Of 691 potentially eligible operative patients (mean GCM 4 ± 3 cm), 80 met the criteria for severe GCM ≥ 7 cm. Of these, 62 (78%; mean age 63.7 ± 10.7 years, 81% women) had a minimum 2-year follow-up (mean follow-up 3.3 ± 1.1 years). The mean ASD–Frailty Index was 3.9 ± 1.5 (frail), 50% had undergone prior fusion, and 81% had concurrent severe sagittal spinopelvic deformity with GCM and C7–S1 sagittal vertical axis (SVA) positively correlated (r = 0.313, p = 0.015). Surgical characteristics included posterior-only (58%) versus anterior-posterior (42%) approach, mean fusion of 13.2 ± 3.8 levels, iliac fixation (90%), 3-column osteotomy (36%), operative duration of 8.3 ± 3.0 hours, and estimated blood loss of 2.3 ± 1.7 L. Final alignment and HRQOL significantly improved (p < 0.01): GCM, 11 to 4 cm; maximum coronal Cobb angle, 43° to 20°; SVA, 13 to 4 cm; pelvic tilt, 29° to 23°; pelvic incidence–lumbar lordosis mismatch, 31° to 5°; Oswestry Disability Index, 51 to 37; physical component summary of SF-36 (PCS), 29 to 37; 22-Item Scoliosis Research Society Patient Questionnaire (SRS-22r) Total, 2.6 to 3.5; and numeric rating scale score for back and leg pain, 7 to 4 and 5 to 3, respectively. Residual GCM ≥ 3 cm was associated with worse SRS-22r Appearance (p = 0.04) and SRS-22r Satisfaction (p = 0.02). The minimal clinically important difference and/or substantial clinical benefit (MCID/SCB) was met in 43%–83% (highest for SRS-22r Appearance [MCID 83%] and PCS [SCB 53%]).
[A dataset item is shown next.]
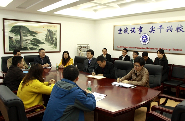 观看了学校宣传片后,吴玉爱校长代表学校介绍了学校活动促学校氛围,课改促理念转变,减负促高效课堂,特色促学校发展等情况,同时双方就校园文化、班级管理和德育工作等进行了交流。学生处主任、总务处主任、团委书记和中学年级组长等参加了交流。

The severity of baseline GCM (≥ 2 SD above the mean) significantly impacted postoperative SRS-22r Satisfaction and MCID/SCB improvement for PCS. No significant partial correlations were demonstrated between GCM or SVA correction and HRQOL improvement. There were 89 total complications (34 minor and 55 major), 45 (73%) patients with ≥ 1 complication (most commonly rod fracture [19%] and proximal junctional kyphosis [PJK; 18%]), and 34 reoperations in 22 (35%) patients (most commonly for rod fracture and PJK).

CONCLUSIONS

Study results demonstrated that ASD surgery in patients with substantial GCM was associated with significant radiographic and HRQOL improvement despite high complication rates. MCID improvement was highest for SRS-22r Appearance/Self-Image. A residual GCM ≥ 3 cm was associated with a worse outcome, suggesting a potential coronal realignment target threshold to assist surgical planning.